Im Knebel zwischen Taktus' Kieferplatten schmeckte es weder gut noch war es bequem. Die blauen Flecken an Besus Schulteruniform vermehrten sich, begleitet von einer Menge Spucke. "Chint ir ald da?" Taktus' Worte waren schwer verständlich durch den Knebel.
"Vor uns liegt die Basis, ich lasse dich dann runter", antwortete Besu. Offenbar war es nicht das erste Mal, dass er mit geknebelten Personen sprach.
All das war Raganiks Plan gewesen. Seine Truppe war berüchtigt für ihre Brutalität, daher erschien es nur logisch, mit einem vollkommen zugerichteten Gefangenen zum Abtransport zu erscheinen. Nackt und geschlagen auf der Schulter eines Reptils, Taktus war froh, dass keiner seiner Kollegen ihn so sah. Obwohl ihm nun die fehlende Kleidung langsam unangenehm wurde, tropfte der Schweiß durch seine Panzerplatten auf den Waldboden. Das unangenehme ziehende Gefühl in seinen Fußsohlen kündigte einen nahenden Sonnenbrand an. Was für eine dumme Idee, sich mittags mit dem Fluchtfahrzeug zu treffen.
Die Stimmen wurden lauter, so dass Taktus sie fast verstehen konnte. Plötzlich flog er in die Luft und landete unsanft auf dem Rücken. Jetzt konnte er die Prellungen genau lokalisieren, durch den brennenden Schmerz im linken Oberschenkel, Bauch und rechten Arm. Einige der Gorelianer trugen nicht die Uniform des Luftlandetrupps. Raganik schien genervt von den Zuschauern, die ihn in fremden Zungen beleidigten und auslachten. Aus einem toten Winkel traf ihn ein Stiefel im Gesicht.
"So tough sieht der Wichser gar nicht aus", knurrte jemand hoch und amüsiert. Ein drückender Schmerz breitete sich auf Taktus' Stirn aus, als der Landpoli weiter auf seinen Kopf trat und offenbar nicht vorhatte aufzuhören. "Schauen wir mal, was diese Platten alles aushalten, was?", kommentierte er weiter.

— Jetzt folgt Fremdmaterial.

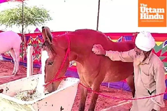 Ajmer (The Uttam Hindu): The 2025 International Pushkar Fair has begun in Pushkar, located in Rajasthan's Ajmer district, and will continue until November 5th. People from far and wide bring their animals to the fair, where they are exhibited. This time, the most talked-about Marwari mare, "Nagina," valued at ₹1 crore, is gaining attention for its unique gait and price.
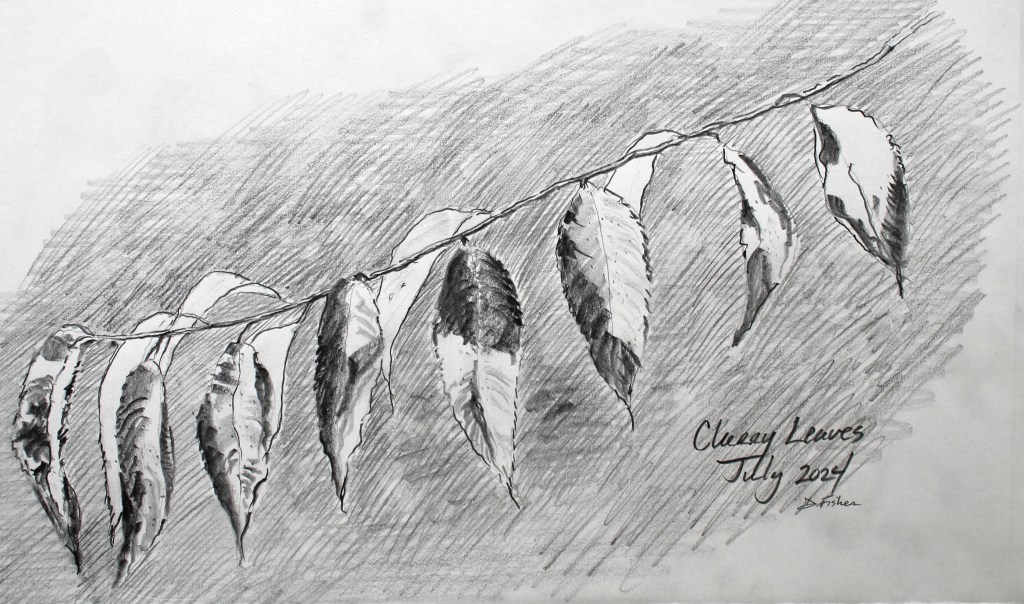 I didn’t design the pattern with any particular leaves in mind, but it is reminiscent of how black cherry tree leaves line up along their long slender twigs.

Plötzlich brüllte die Echse auf, als die Krallen an Taktus Händen wie Butter durch die Schuhsohle in die ungepanzerte Fußsohle drangen.
"Ich zerfick dich zu ..."
"Schluss!" Raganiks tiefe und einschüchternde Stimme hallte durch den Wald. "Wir sind hier zum Transportieren. Ich habe keine Lust, mich mit euch Hinterwäldlern herumzuschlagen."
Mit einem unangenehmen Griff im Nacken wurde Taktus auf die Beine gehoben. Vor ihm sah er jetzt eine Gruppe von mindestens zehn Gorelianern, die nicht zur Luftlandedivision gehörten. Raganik schubste sie von Taktus weg und formte eine Reihe, sodass sein Trupp und die Landpoli sich gegenüberstanden.
"Oh, die Spezialtruppe des Königs ist sensibel geworden. Ach wie putzig", spottete ein relativ junger, aber großer Gorelianer in den Reihen der Landpoli.
Die Menge begann vergnügt zu knurren, ein Fehler, den bis jetzt nur wenige gemacht hatten, besonders in Reichweite von Raganik. Dieser trat einen schnellen Schritt nach vorne, packte den Soldaten am Kragen und zog ihn mit maximaler Geschwindigkeit zu sich heran. Ohne eine Chance zur Gegenwehr traf die Schnauze des Soldaten auf Raganiks Stirn. Ein lauter Knacks war zu hören, als der Reinrufer ohnmächtig zusammenbrach. Zähne und Blut flogen an Raganiks Gesicht vorbei.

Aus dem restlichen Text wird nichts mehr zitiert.